A massive solar flare is expected on 4th of July, the day in which America celebrates its independence.
According to reports at 10:52 UT the sun’s active region AR1515 released a M5.6-class solar flare towards Earth, sending X-ray and extreme ultraviolet radiation in our direction.
Discovery revealed that the flare was almost strong enough to become an X-class flare, the most powerful variety of solar eruption.
The sun’s active region AR1515 released a M5.6-class solar flare towards Earth, sending X-ray and extreme ultraviolet radiation in our direction
While the solar flare is not harmful to humans on the ground it does wreak havoc on the upper atmosphere by sending ionization waves through the ionosphere, in some cases causing disruptions to global communications.
The solar flare according to Spaceweather.com was discovered by Rob Stemmes of the Polar Light Center in Lofoten, Norway. A powerful SID was witnessed over Europe only a short time after the flare erupted from the sun.
Solar flares have been around for as long as the sun and happen in cycles along the sun’s photosphere (solar surface).
Space.com reports that this first solar flare is just the start of what is expected to be a solar storm that reaches well into Fourth of July festivities.
With a wave of plasma expected to Earth by Independence Day it looks like there will be more in our skies than just fireworks and if we could actually see the solar flare show with our own eyes, well we would go blind but before that we would stare in amazement at mother nature’s own massive fireworks display.
Specialists announce that the sun is today bombarding Earth with radiation from the biggest solar storm in almost seven years, with more to come from the fast-moving eruption.
The solar storm occurred at about 11: 00 p.m. Eastern Time on Sunday and will hit Earth with three different effects at three different times.

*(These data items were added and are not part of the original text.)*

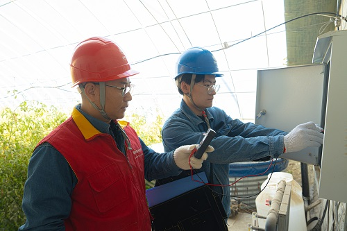 巡检现场,工作人员手持红外测温仪和钳形电流表,对大棚配电箱、电缆接头、温控及灌溉设备进行全面检查,重点排查线路绝缘老化、接头发热、开关松动等隐患。为应对恶劣天气,公司启动“电力+气象”应急协同机制,提前获取预警信息,动态调整巡视频次,并对营泉村大棚集中区供电线路开展“无人机巡检+人工特巡”。同时组建应急抢修小队,与种植户建立“点对点”联络机制,确保突发事件快速处置。
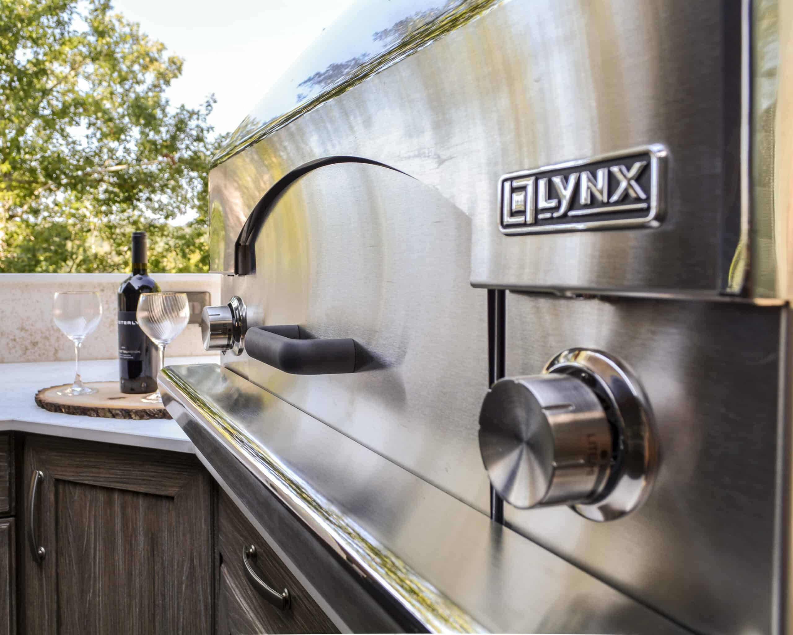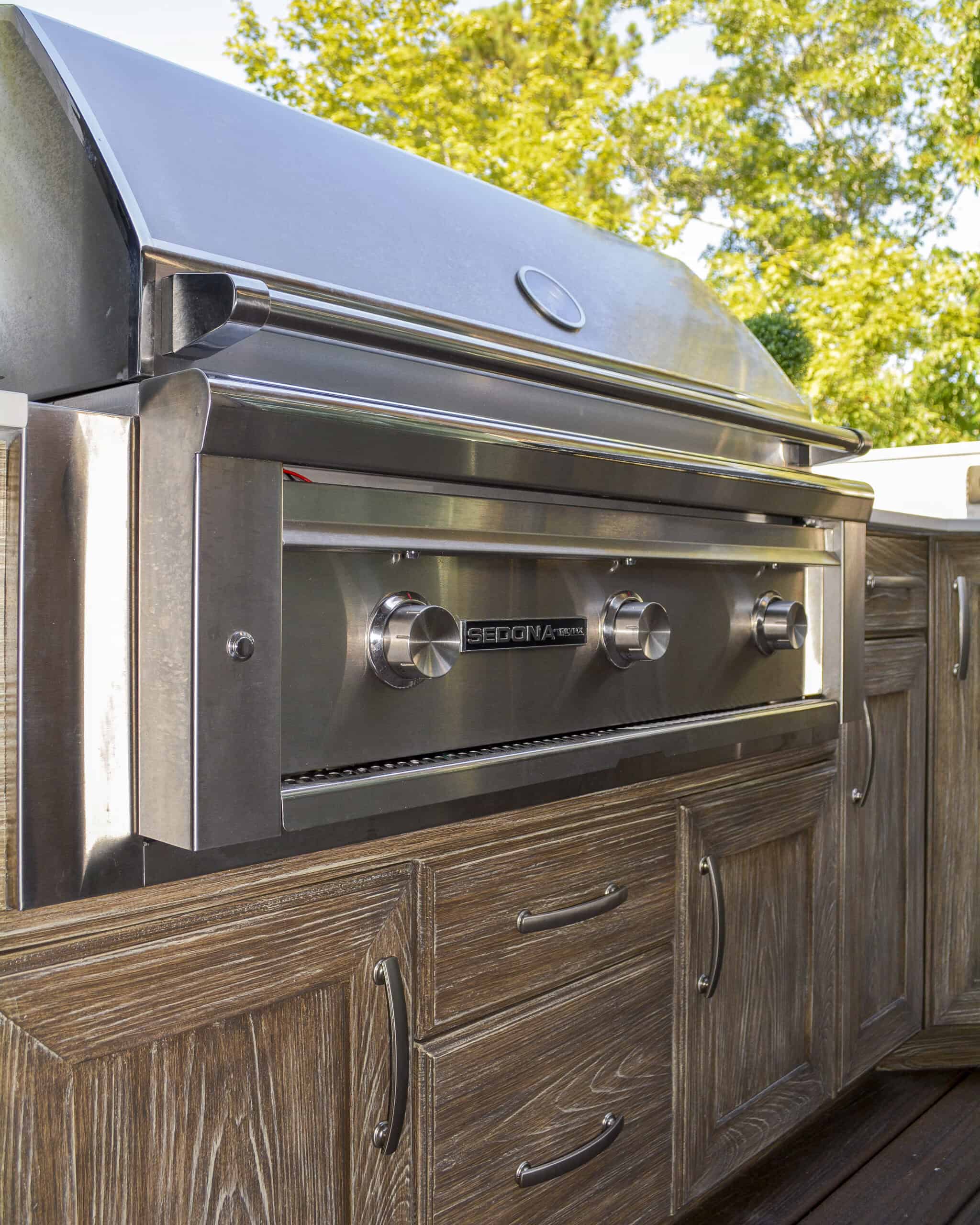A Sedona gas grill with the proper liner ensures safety and performance within the cabinetry, while a Lynx pizza oven expands the options for casual alfresco dining. It’s a corner no cook would mind being sent to—proof that exceptional outdoor kitchen design thrives even in modest footprints.
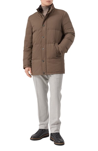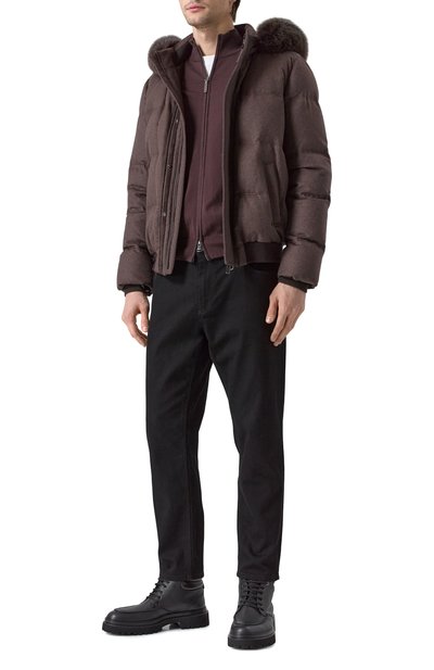 Пуховик из кашемира и шерсти шиншиллы с отделкой из лисицы
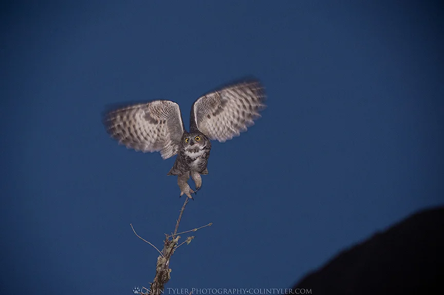 For the past couple weeks, both morning and night, under varying light and backgrounds, I have been trying to capture an image of a great-horned owl taking flight. Focusing on a bird in flight is challenging enough in broad daylight but when the sunlight has retreated and your subject is nothing more than a silhouette against a cobalt sky, it is quite literally a shot in the dark.
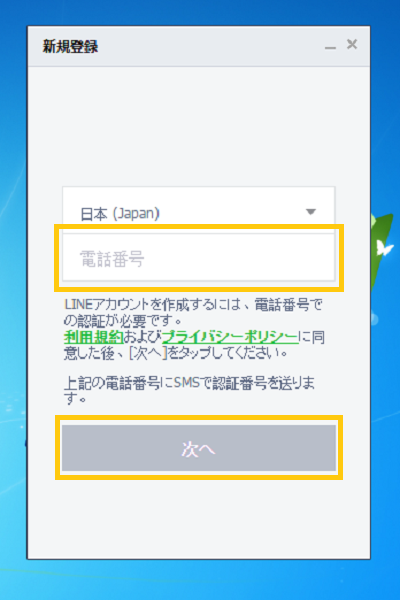 PC版LINEをダウンロードすると、このような画面が表示されます。 (1)「新規登録」をクリックします。
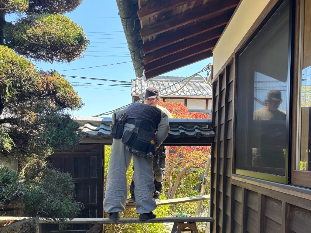 外回りなどの工事が少し残っており、この日は庭を仕切る塀の塀瓦の補修をされていました。
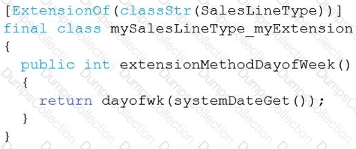 You must extend the class SalesLineType and add a new method that returns the day of week for the system’s current date as an integer value.
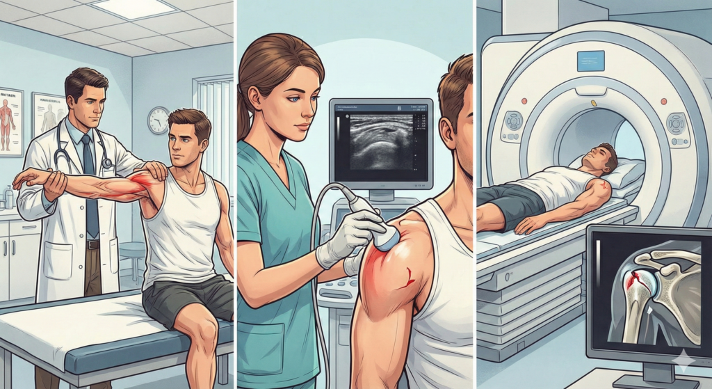 A detailed assessment of strength, range of motion, and tendon-specific tests.
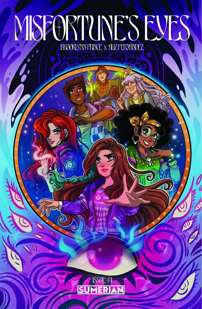 Eisner and GLAAD Award nominee Eva Abrera is the co-founder of Mexican studio BoudikaComics. She drew Archie Comics' Vixens, Black Mask Studio's Kim & Kim, and has done covers for BOOM Studios' Adventure Time comics. Double-Sized debut issue from Critics' Choice Award Winning Actress, Brooklynn Prince (The Florida Project, Cocaine Bear, The Marsh King's Daughter) comes this limited series full of excitement! A teen girl wakes up to discover she can see human auras. While embarking on a journey to find what her future may hold, she uncovers a hidden Psychic Town. There, she will soon learn about her mother's troubled past, her own curse of predicting death, and unearth the immense darkness coming for the town, and her own family.
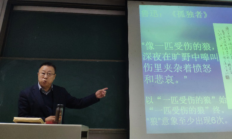 紧接着,针对“寻找开启新诗经典之门的‘钥匙’”这一主题,罗振亚教授从三个方面进行了阐述:首先提出经典确立需要历史主义态度和立场,在这里,罗教授幽默地和大家讨论了《人生》中的高加林是否应该抛弃刘巧珍的问题;其次,经典评判更应以审美维度出发,一方面要破译新诗隐显适度的意象密码,一方面要品味新诗体现情绪律动的自由化语言,同时还应捕捉诗情智化的倾向;最后,注重多向拓展的研究方法,贴近经典文本实质,在这方面,罗振亚教授讲述了引出比较法、整体阅读与细读的统一、进行创造性的“悟”读三个层面的方法。

The biggest issue is radiation, which is mostly a concern for satellite disruptions and astronauts in space. It can cause communication problems for polar-travelling aeroplanes, experts said.

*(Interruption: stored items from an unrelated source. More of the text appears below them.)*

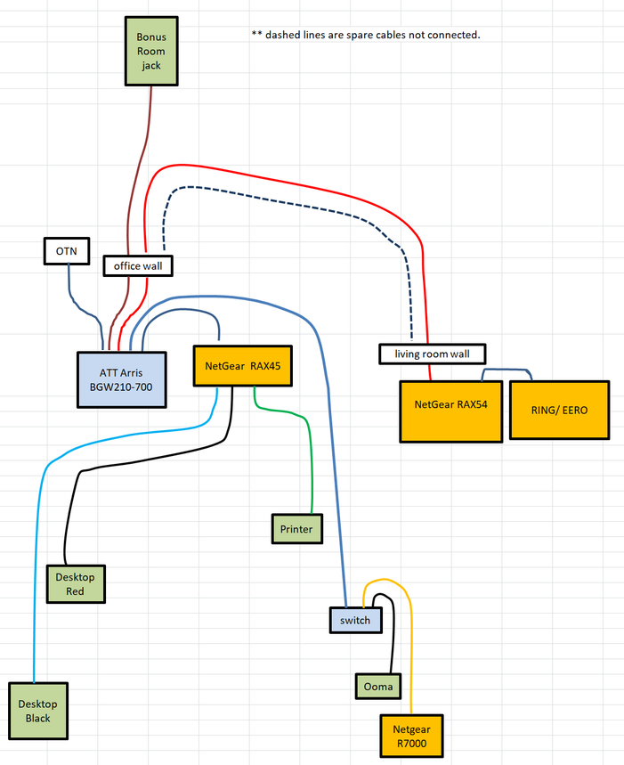 RAX54 (living room) supplies ethernet to a Ring/ Eero router. Also, all my wifi devices (cameras, smart plugs, thermostats, dehumidifiers, etc) are connected to this router.
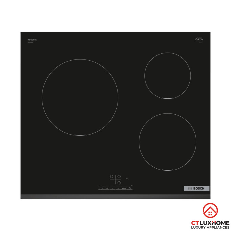 Với bếp từ Bosch PUC631BB5E có tới 3 vùng nấu riêng biệt, mỗi vùng nấu cho các kích thước và công suất như sau:
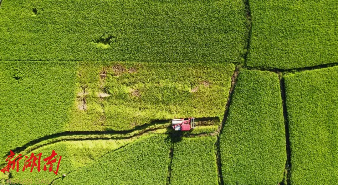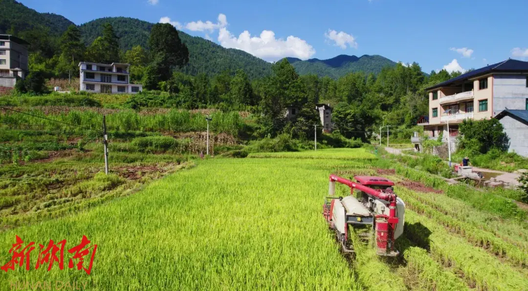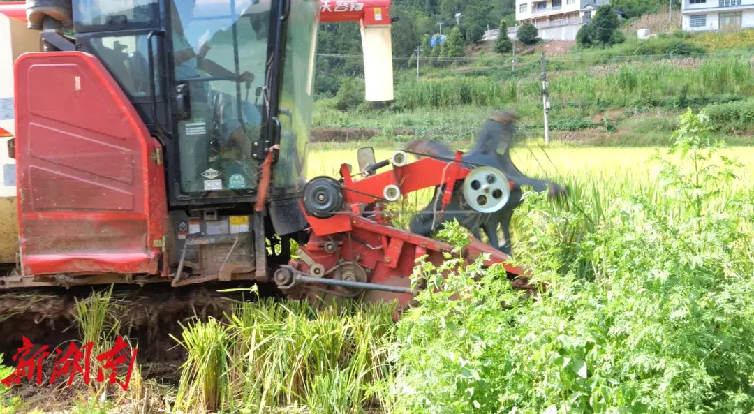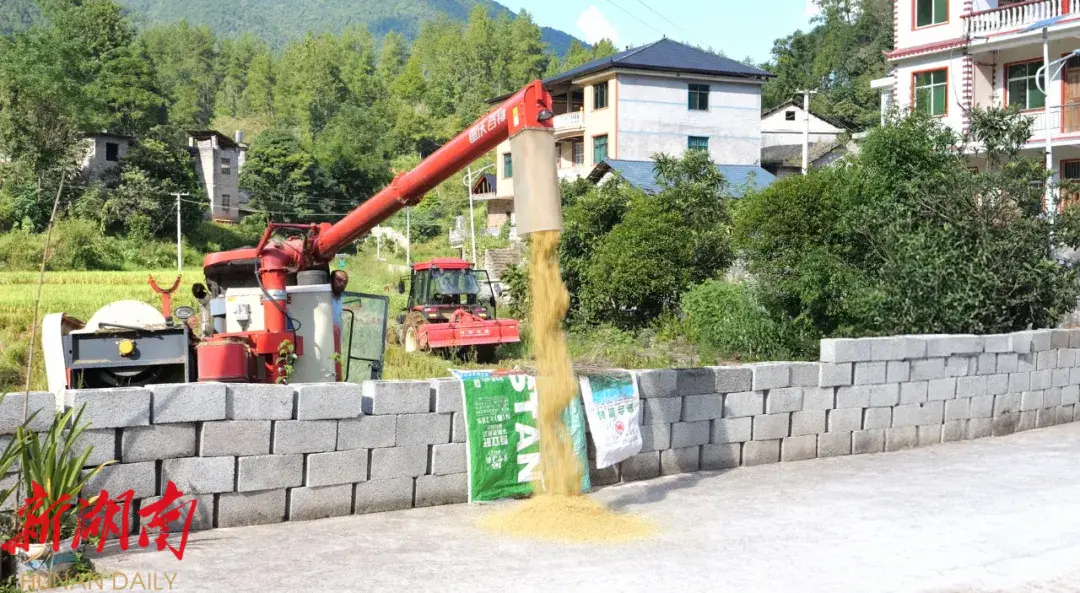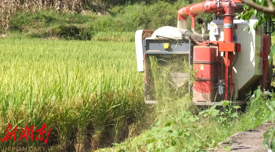 湖南日报·新湖南客户端8月29日讯 (通讯员 郭军 庄丹丹 谷蕊眩 )8月27日,桥自弯镇谷罗山村连片稻田金黄遍野,稻浪翻滚。轰鸣的收割机在田间来回穿梭,谷罗山水稻种植专业合作社的农机手正娴熟地操作机器,将沉甸甸的稻穗收入舱中。“现在收割、打药全都交给合作社,我们只需负责插秧和晾晒,方便得很!”得益于现在的机械化作业,今年63岁的谷罗山村民胡基华种植了近4亩的水稻。
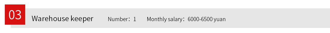 Junior high school above culture, 45 years old the following, have good communication skills, writing clear. Can bear hardships and stand hard work, adapt to shift work 12 hours.

Radiation from Sunday’s flare arrived at Earth an hour later and will probably continue through until Wednesday, experts say. Levels are considered strong but other storms have been more severe.
There are two higher levels of radiation on the National Oceanic and Atmospheric Administration’s storm scale of “severe” and “extreme”, space weather centre physicist Doug Biesecker said.
This storm is the strongest for radiation since May 2005. The radiation – in the form of protons – came flying out of the sun at 93 million miles per hour.
“The whole volume of space between here and Jupiter is just filled with protons and you just don’t get rid of them like that,” Doug Biesecker said, explaining why the effects will stick around for a couple of days.
Radiation from Sunday's flare arrived at Earth an hour later and will probably continue through until Wednesday
NASA’s flight surgeons and solar experts examined the solar flare’s expected effects.
They decided that the six astronauts on the International Space Station do not have to do anything to protect themselves from the radiation, spokesman Rob Navias said.
A solar eruption is followed by a one-two-three punch, said Antti Pulkkinen, a physicist at NASA’s Goddard Space Flight Center in Maryland and Catholic University.
First comes electromagnetic radiation, followed by radiation in the form of protons. Then, finally the coronal mass ejection – that’s the plasma from the sun itself – hits.
Usually that travels at about 1 or 2 million miles per hour, but this storm is particularly speedy and is shooting out at 4 million miles per hour, Doug Biesecker said.
Plasma causes much of the noticeable problems on Earth, such as electrical grid outages. In 1989, a solar storm caused a massive blackout in Quebec. It can also pull the northern lights further south.
But this coronal mass ejection seems likely to be only moderate, with a chance for becoming strong, Doug Biesecker said. The worst of the storm is likely to go north of Earth.
And unlike last October, when a freak solar storm caused auroras to be seen as far south as Alabama, the northern lights aren’t likely to dip too far south this time, Doug Biesecker said.
Parts of New England, upstate New York, northern Michigan, Montana and the Pacific Northwest could see an aurora but not until Tuesday evening, he said.
For the past several years the sun had been quiet. Part of that was the normal calm part of the sun’s 11-year cycle of activity.
Last year, scientists started to speculate that the sun was going into an unusually quiet cycle that seems to happen maybe once a century or so.
Now that super-quiet cycle doesn’t seem as likely, Doug Biesecker said. Scientists watching the sun with a new NASA satellite launched in 2010 – during the sun’s quiet period – are excited.
“We haven’t had anything like this for a number of years,” Antti Pulkkinen said. “It’s kind of special.”